## Task directions:
Below are records with pictures. Reproduce exactly the lines from the line with "Облегающая сорочка нежного" to the line with "是個狹長半島的盡頭,分隔著風平浪靜的內海(Pittwater)與波濤洶湧的外海", inclusive, and leave each picture out.

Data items

+-------+

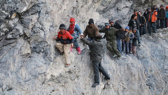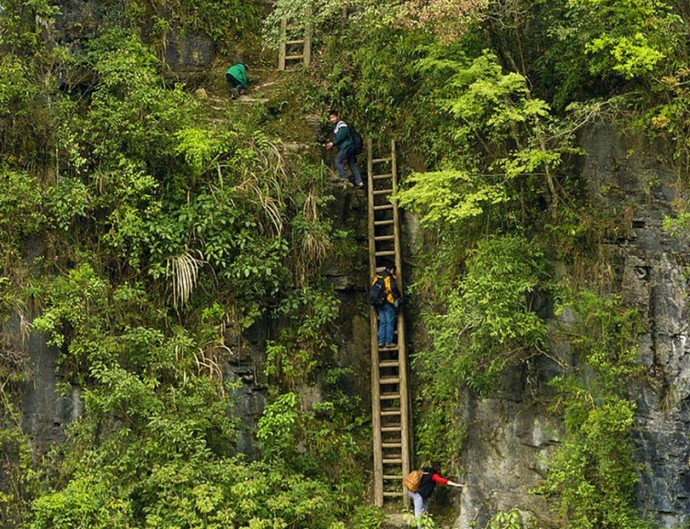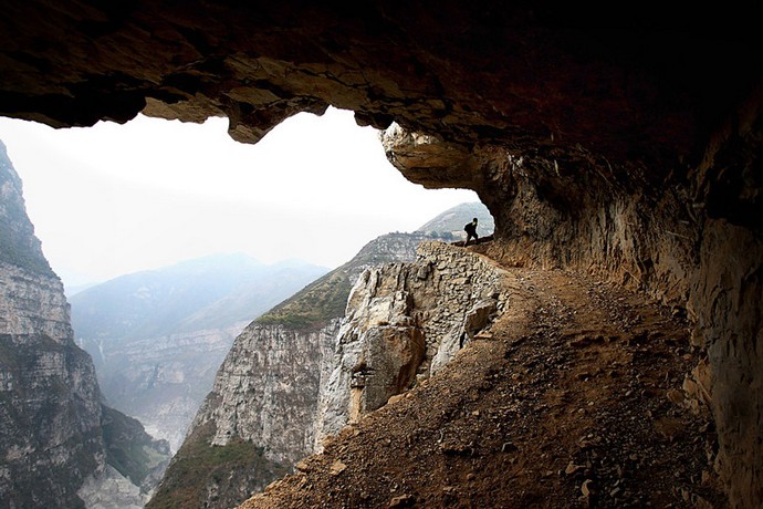 Například v čínské provincii S’-čchuan je malá vesnice Gulu, jehož děti musí překonat obrovský vzdálenost do školy. Usnadnit to test pro děti, dospělí si udělali svou vlastní cestu tunelem tím se zkracuje cesta. Samotná stezka se však v tomto případě táhne přes sráz a na některých místech nepřesahuje šedesát centimetry. Vesničtí chlapci a dívky musí překonat tuto nebezpečnou cestu jednou týdně, od školy pracuje na principu internátní školy, tj. poskytováním přenocování a poskytování jídla.
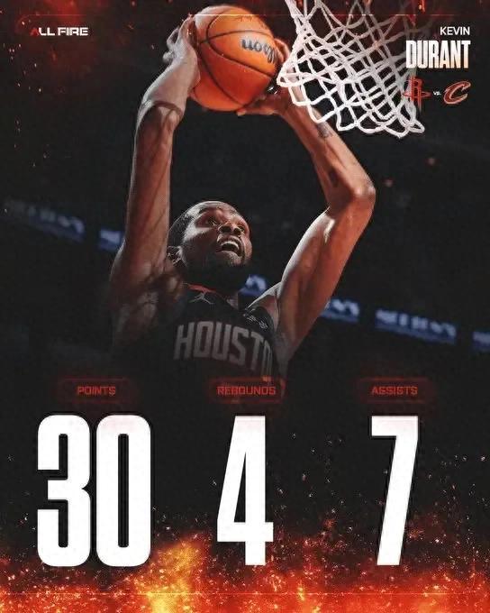 火箭主场以117-100轻松击败骑士,取得两连胜。在缺少核心中锋申京的情况下,火箭竟然打出更为流畅和高效的进攻。申京因左小腿紧绷缺席比赛,取而代之的是亚当斯首发,但火箭的进攻却显得随心所欲,特别是杜兰特的发挥,他好像比和申京搭档时更轻松。杜兰特仅出战不到29分钟,就高效砍下30分外加4篮板7助攻。他的投篮命中率高达64.7%(17投11中),三分球4投2中,罚球7投6中。
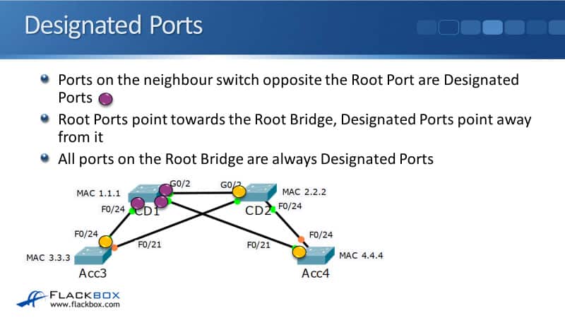 From Acc3 F0/21 to CD2 F0/21, the CD2 side is going to be the Designated Port. It's also going to be the CD2 side which is the Designated Port going on the link on F0/24 down to Acc4.
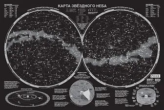 На этой необычной настенной карте размером 870х580 мм представлены северное и южноео полушария небесной сферы. Так ночное небо с мерцающими на нём галактиками, туманностями и звёздными скоплениями выглядит с Северного и Южного полюсов Земли.
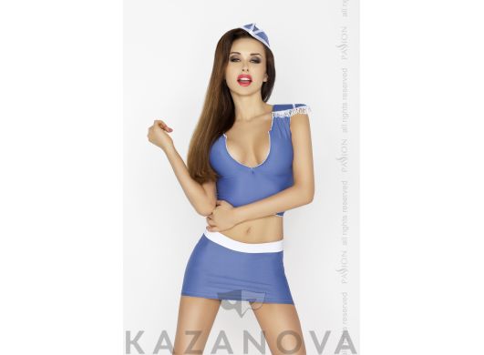 Облегающая сорочка нежного цвета с голубым кантом и бантиками плотно прилегает к телу и подчеркивает соблазнительные формы. Сексуальный вырез на ягодицах возбуждает жаркие фантазии, а миниатюрные стринги вызывают немедленное желание их снять. Пилотка в тон завершает образ и придает желанную игривость.
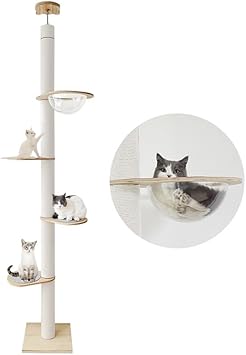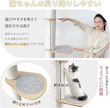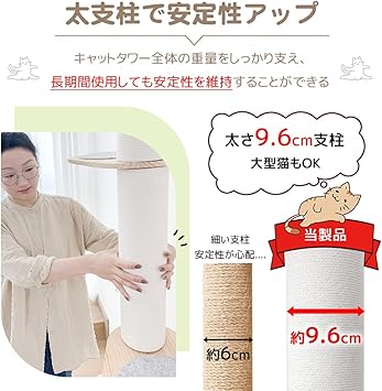 ・ホワイトコットン素材:ポールはホワイトコットン素材で包まれており、臭いやホコリの心配はありません。猫ちゃんが爪とぎをするのに最適で、家具や壁の破壊を防ぐ役割も果たします。色合いも魅力的で、部屋にも馴染みやすく、インテリアとして素晴らしいです。
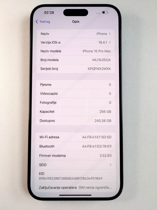 Prodajem navedeni mobitel u dobrome stanju.
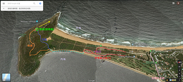 是個狹長半島的盡頭,分隔著風平浪靜的內海(Pittwater)與波濤洶湧的外海
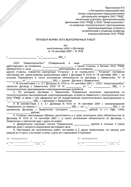 - 686Типовая форма акта выполненных работ (приложение к договору технологического присоединения энергопринимающих устройств к электрической сети ОАО «РЖД»)

+-------+

## Answer section:
 Облегающая сорочка нежного цвета с голубым кантом и бантиками плотно прилегает к телу и подчеркивает соблазнительные формы. Сексуальный вырез на ягодицах возбуждает жаркие фантазии, а миниатюрные стринги вызывают немедленное желание их снять. Пилотка в тон завершает образ и придает желанную игривость.
 ・ホワイトコットン素材:ポールはホワイトコットン素材で包まれており、臭いやホコリの心配はありません。猫ちゃんが爪とぎをするのに最適で、家具や壁の破壊を防ぐ役割も果たします。色合いも魅力的で、部屋にも馴染みやすく、インテリアとして素晴らしいです。
 Prodajem navedeni mobitel u dobrome stanju.
 是個狹長半島的盡頭,分隔著風平浪靜的內海(Pittwater)與波濤洶湧的外海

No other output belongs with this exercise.